EU-top eindigt verrassend
De Europese leiders hebben dinsdagavond de Duitse minister Ursula von der Leyen voorgedragen als voorzitter van de Europese Commissie. Haar naam is een verrassing. De EU-top kon het niet eens worden over de meer voor de hand liggende namen.
Voor premier Rutte werd de EU-top een teleurstelling. De Nederlandse regering had haar zinnen gezet op de PvdA’er Frans Timmermans. Vanaf 2014 is hij vicevoorzitter van de Europese Commissie. Voor Den Haag zou het mooi zijn als een Nederlander een paar jaar het uithangbord van de EU zou zijn.
Maar deze vlieger ging niet op. De leiders Polen en Hongarije organiseerden een vrij breed front tegen Timmermans. De PvdA’er gaf de afgelopen jaren leiding aan het verzet van de Europese Commissie tegen de hervorming van de rechterlijke macht in Polen en Hongarije. Dat heeft veel kwaad bloed gezet. Daarnaast ligt de Nederlander niet goed vanwege zijn pleidooi voor ”meer Europa” en zijn progressieve ideeën over het homohuwelijk.
Met zijn uitgesproken standpunten heeft Timmermans zijn hand de afgelopen jaren dus overspeeld. Een EU-functionaris kan dus wel ferm optreden, maar zijn garantie op een tweede termijn neemt dan wel af.
Catshuis
De Nederlandse regering heeft zo lang mogelijk vastgehouden aan Timmermans, hoewel de PvdA niet in de regering zit. Maandagavond nog praatte premier Rutte zijn coalitiegenoten in het Catshuis bij over de stand van zaken in Brussel.
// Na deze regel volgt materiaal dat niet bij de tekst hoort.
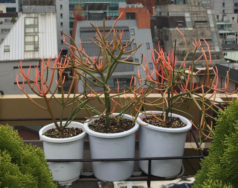 발갛고 노랗게 물든 식물들과 시원한 공기와 하늘이 가을을 알린다. 낮이 따듯하고 저녁이 추운 일교차가 큰 날이 계속되면, 식물들은 수채화처럼 천천히 아름다운 색으로 물들기 시작한다. 이는 식물들이 가지고 있는 초록색의 색소 아래 숨어있던 색들이 일교차에 의해 천천히 모습을 드러내는 원리인데, 나는 오로지 이 짧은 찰나에 볼 수 있는 단풍을 참 좋아한다. 이는 유명한 산지나, 가로수의 나무들 뿐만 아니라 우리 주위에 있는 모든 식물들이 겪는 현상이며 우리가 생각하지 못하는 선인장과의 다육이들도 가을에는 아름다운 색으로 물들어 간다.

Al in een eerder stadium was duidelijk dat de Duitse kandidaat, de christendemocraat Manfred Weber, het niet zou redden. Die stuitte op verzet van de Franse president Emmanuel Macron. Volgens diverse bronnen kwam Macron toen met de naam van Von der Leyen. In het verleden werd zij wel genoemd als Duitse bondskanselier, maar niet voor de Europese Commissie.
Met deze uitkomst hebben de EU-leiders de zogeheten Spitzenkandidaten gepasseerd. In 2014 waren de partijen erin geslaagd om een Europese lijsttrekker te presenteren. De lijsttrekker van de grootste partij, de christendemocraat Jean-Claude Juncker, is toen voorzitter van de Europese Commissie geworden.
De 28 EU-leiders hebben de namen van de Spitzenkandidaten wel als vertrekpunt genomen, maar zijn er gaandeweg toch van afgeweken. Hiermee is onduidelijk geworden of het systeem van Spitzenkandidaten wel toekomst heeft.
De uitkomst illustreert waar de macht in Europa ligt: bij de leiders van de nationale regeringen en niet bij de partijen.
Toch is de macht van de EU-top niet absoluut. De voordrachten voor de Commissie moeten door het Europees Parlement worden goedgekeurd. De hoorzitting voor de kandidaten kan enorm tegenvallen. Het is inmiddels gewoonte geworden dat het EP ten minste één kandidaat afwijst.
Nu al is duidelijk dat de sociaaldemocratische S&D in het Europees Parlement zich zeer kritisch zullen opstellen tegenover Von der Leyen. In Duitsland noemt de SPD haar de „zwakste minister”.
In het EP zijn de verhoudingen na de verkiezingen van 23 mei ook veranderd. Voorheen hadden de christendemocratische EVP en de sociaaldemocratische S&D meer dan de helft van de zetels en konden ze veel samen beslissen. Maar ze konden elkaars voorkeuren dus ook blokkeren. Als de S&D echt tegen Von der Leyen wil stemmen, zal de EVP de steun veel andere groepen moeten werven.
Lubbers
De hele episode van de afgelopen dagen doet denken aan de mislukte kandidatuur van de Nederlandse premier Lubbers in 1994. Hij stond toen tegenover de Belgische premier Dehaene. De keus tussen die twee verdeelde Europa –van toen nog twaalf lidstaten– zo dat tijdens de top een nieuwe kandidaat moest worden gezocht. Dat werd de Luxemburgse premier Santer.